I have a ParentMenuItemBase abstract class from which I derive classes that essentially wrap a CommandBarPopup control, and create the child CommandBarButton objects and wire up their Click event to execute an ICommand.

Say I had a RefactorRenameCommand hooked up to 5 completely independent CommandBarButton objects, under 5 completely unrelated CommandBarPopup controls.

When I clicked the CommandBarButton, the child_Click handler would then run 5 times - and the Ctrl parameter would have the same hash code for all 5 "clicks".

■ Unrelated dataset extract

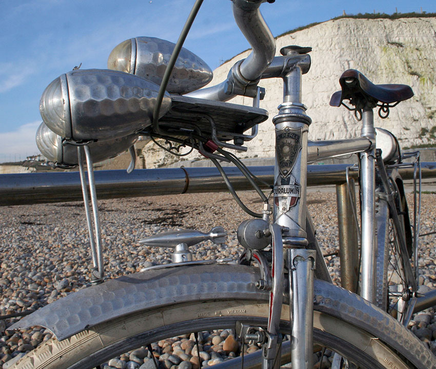 Кстати, нижние трубы этого французского дюралевого байка являются живой иллюстрацией, почему из дюрали раму лучше не делать.

Then if I clicked the same button again, the handler would again run 5 times, and again the Ctrl parameter would have the same hash code for all 5 "clicks", ...but the hash code would be different from what it was the first time around - and if I clicked again, I'd get a new hash code for that parameter.

I obtained the desired behavior by storing the last hash code for that Ctrl parameter in a private static field, and only executing the handler if the hash code for Ctrl was different - in other words, I made it work by building on top of an observed behavior that I didn't completely understand, and it feels dirty and it bothers me beyond words. Here's the hack in question, including the actual in-code comments:

// note: HAAAAACK!!!
private static int _lastHashCode;

private void child_Click(CommandBarButton Ctrl, ref bool CancelDefault)
{
    var item = _items.Select(kvp => kvp.Key).SingleOrDefault(menu => menu.Key == Ctrl.Tag) as ICommandMenuItem;
    if (item == null || Ctrl.GetHashCode() == _lastHashCode)
    {
        return;
    }

    // without this hack, handler runs once for each menu item that's hooked up to the command.
    // hash code is different on every frakkin' click. go figure. I've had it, this is the fix.
    _lastHashCode = Ctrl.GetHashCode();

    Debug.WriteLine("({0}) Executing click handler for menu item '{1}', hash code {2}", GetHashCode(), Ctrl.Caption, Ctrl.GetHashCode());
    item.Command.Execute(null);
}

That Debug.WriteLine call would output something like this:

(46595510) Executing click handler for menu item '&Rename', hash code 16706408
(16139946) Executing click handler for menu item '&Rename', hash code 16706408
(11041789) Executing click handler for menu item '&Rename', hash code 16706408
(32267243) Executing click handler for menu item '&Rename', hash code 16706408
(21969731) Executing click handler for menu item '&Rename', hash code 16706408

And the next click would produce an identical output, except with a different hash code for the Ctrl parameter.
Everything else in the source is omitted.